**GIVEN ENTRIES**
::::::::

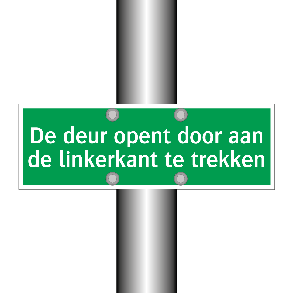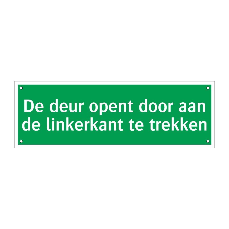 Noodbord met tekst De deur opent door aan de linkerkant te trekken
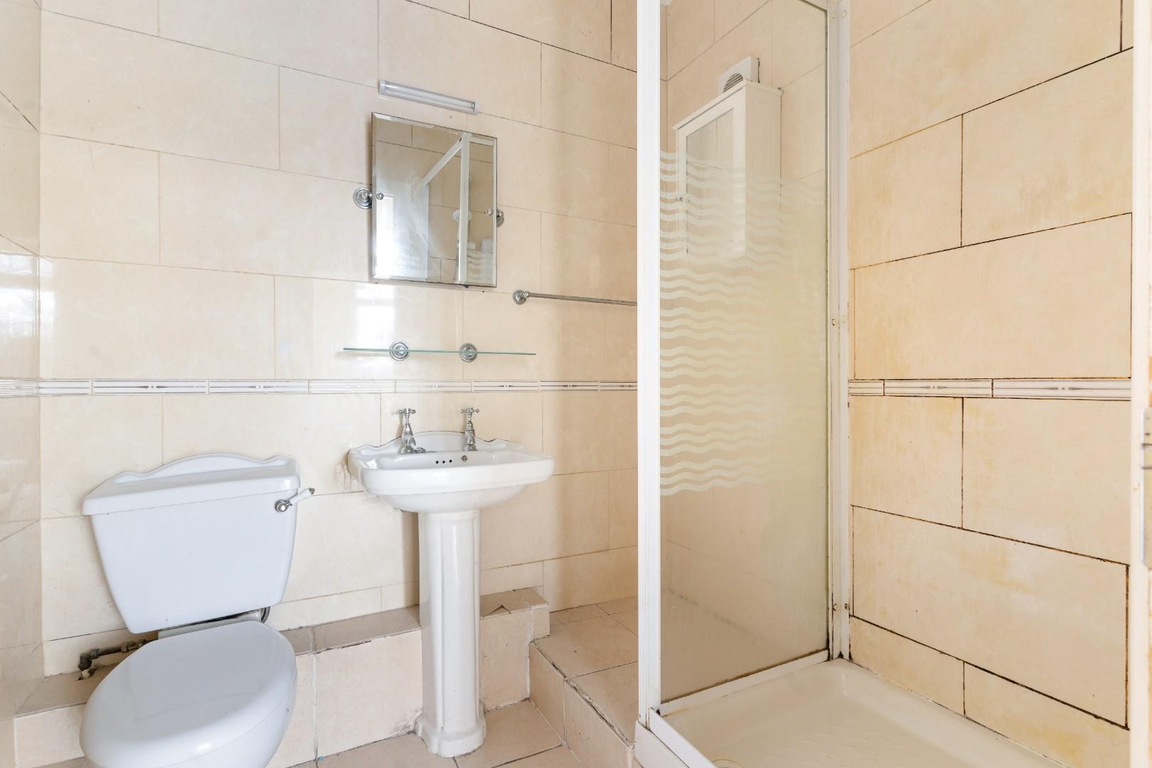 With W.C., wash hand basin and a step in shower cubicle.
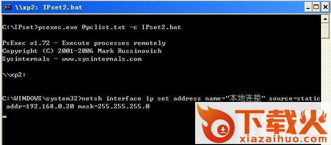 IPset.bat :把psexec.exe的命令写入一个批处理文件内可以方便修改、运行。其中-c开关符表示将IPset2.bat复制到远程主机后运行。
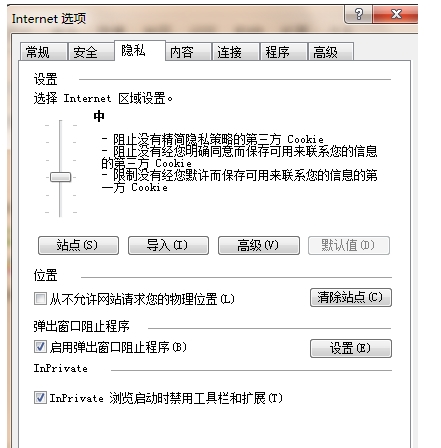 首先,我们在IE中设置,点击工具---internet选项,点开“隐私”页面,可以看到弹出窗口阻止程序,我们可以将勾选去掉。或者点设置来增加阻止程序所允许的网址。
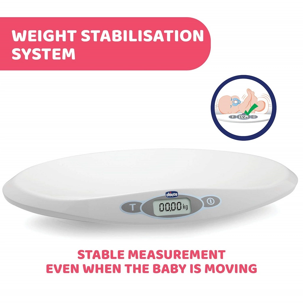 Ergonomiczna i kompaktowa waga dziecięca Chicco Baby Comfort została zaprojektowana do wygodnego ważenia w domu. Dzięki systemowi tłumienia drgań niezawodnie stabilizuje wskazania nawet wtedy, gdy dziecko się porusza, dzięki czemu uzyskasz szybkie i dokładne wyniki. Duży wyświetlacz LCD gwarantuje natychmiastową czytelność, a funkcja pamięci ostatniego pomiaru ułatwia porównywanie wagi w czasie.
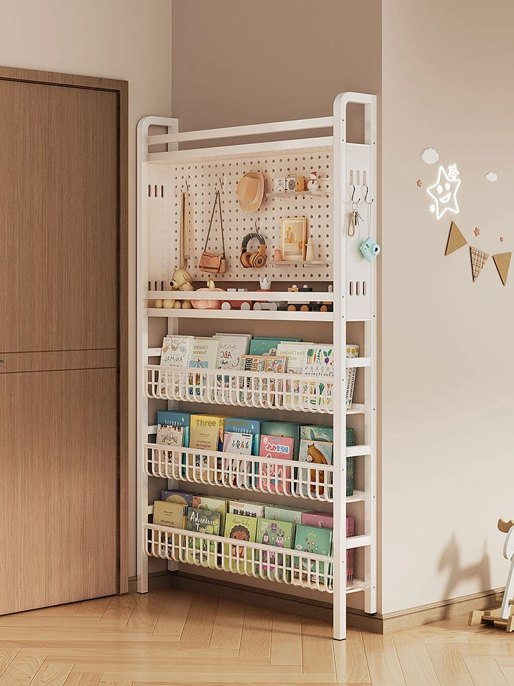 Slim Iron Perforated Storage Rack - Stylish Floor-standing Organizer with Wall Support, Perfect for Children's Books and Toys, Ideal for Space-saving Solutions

::::::::

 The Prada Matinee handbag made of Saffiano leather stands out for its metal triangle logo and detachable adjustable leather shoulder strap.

::::::::

**TASK DIRECTIONS**
Above, find the line with "With W.C., wash"; copy it and every line down to the line with "首先,我们在IE中设置,点击", exactly and both included, but no pictures.

**REPLY TO THE TASK**
 With W.C., wash hand basin and a step in shower cubicle.
 IPset.bat :把psexec.exe的命令写入一个批处理文件内可以方便修改、运行。其中-c开关符表示将IPset2.bat复制到远程主机后运行。
 首先,我们在IE中设置,点击工具---internet选项,点开“隐私”页面,可以看到弹出窗口阻止程序,我们可以将勾选去掉。或者点设置来增加阻止程序所允许的网址。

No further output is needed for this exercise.